Task prompt >> Transcribe only the part of the material below that begins at the line containing "新款男士真皮腰带压边自动扣带头层牛皮简约商务高端礼盒款裤带" and ends at the line containing "Mary Kay, компания", with both kept and images left out.

Provided records >>
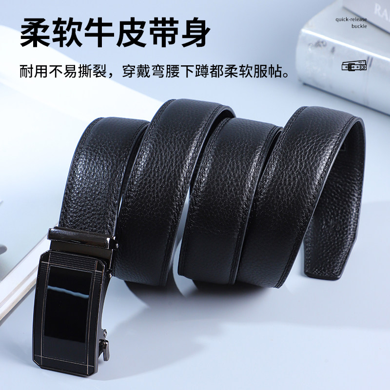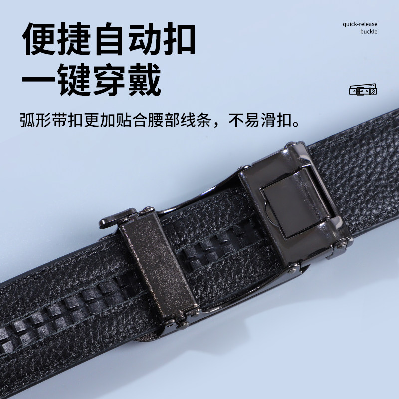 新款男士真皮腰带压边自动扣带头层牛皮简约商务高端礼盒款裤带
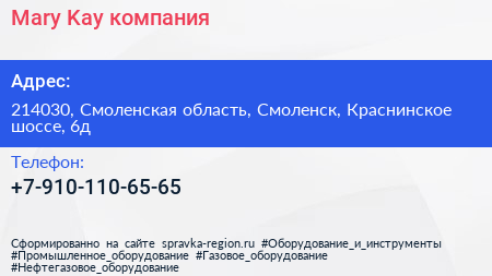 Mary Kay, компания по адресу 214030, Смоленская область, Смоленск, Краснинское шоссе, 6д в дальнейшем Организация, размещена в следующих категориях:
---
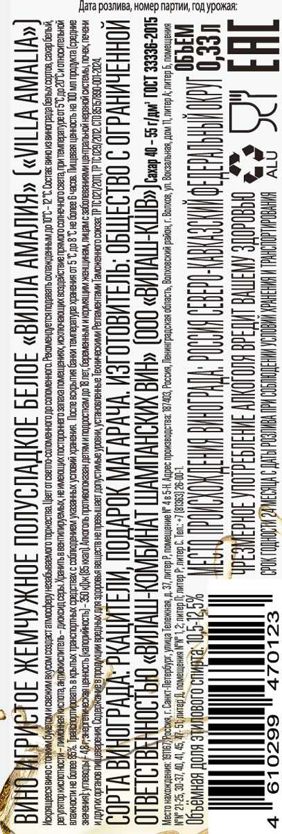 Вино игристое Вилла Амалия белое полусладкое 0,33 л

Answer >>
 新款男士真皮腰带压边自动扣带头层牛皮简约商务高端礼盒款裤带
 Mary Kay, компания по адресу 214030, Смоленская область, Смоленск, Краснинское шоссе, 6д в дальнейшем Организация, размещена в следующих категориях:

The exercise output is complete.